Ne fais pas ça
(Revue de presse)

"Sexes opposés",
par Dominique Borde
Le Figaro, 24//03/04


 

 

Deux générations de couples se déchirent. Joël, jaloux obsessionnel, moleste Nicole qui part furieuse se réfugier chez ses parents, Edith, infidèle le temps d'une évasion, qui vit à côté de Francis, peintre et sculpteur, enfermé dans son atelier loin d'elle et des autres. Tous les deux s'aiment sans plus se comprendre et pouvoir se rapprocher. Il y a ceux qui se battent et se heurtent encore dans le refus de leurs différences et ceux, plus résignés, qui s'affrontent secrètement. Pourtant chaque homme ira à sa manière jusqu'au bout. Joël va saborder son métier de cuisinier et Francis tentera de commettre l'irréparable. Les femmes excédées ou sereines, attendent pour comprendre encore, retrouver ou soigner le plus grand malade de leur couple.
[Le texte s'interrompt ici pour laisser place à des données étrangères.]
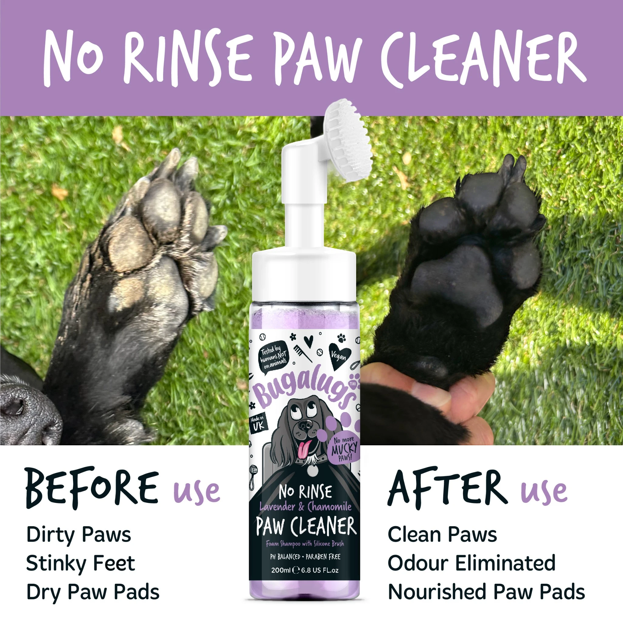 Zeg vaarwel tegen modderige, droge en geïrriteerde poten met Bugalugs No Rinse Paw Cleaner – de ultieme oplossing om de poten van uw huisdier schoon en fris te houden zonder het gedoe van traditioneel wassen.

Sur une trame de Philippe Djian, Luc Bondy observe la géographie variable des rapports homme-femme comme un jeu grave, hésitant ou brutal où des personnages aussi vrais que la réalité circulent sur la scène d'un écran ouvert aux tempêtes et aux accalmies. Il les regarde sans les sonder, les écoute sans les cerner, les laissant porter par les simples mouvements de la vie. On esquive le vaudeville pour effleurer le drame dans cette confrontation dédoublée, qui commence sur des gifles et finit sur des coups de revolver, s'ouvre sur un départ et se referme sur un retour et une attente. Même le désespoir a ici des accents éphémères. Il s'agit d'autre chose ; de la malédiction d'être deux, comme disait Marguerite Yourcenar. A cela point de remède, seulement des apaisements, des trêves entre deux crises.

C'est ce que murmure ce film où Nicole Garcia et Natacha Régnier jouent les virus et les infirmières devant deux hommes qui se recroquevillent ou s'agitent. Eternelles contradictions des sentiments qui bouillonnent dans le bocal d'une bohème de luxe pour un désordre très ordinaire, éparpillant des fragments de vie qui ressemblent à l'amour.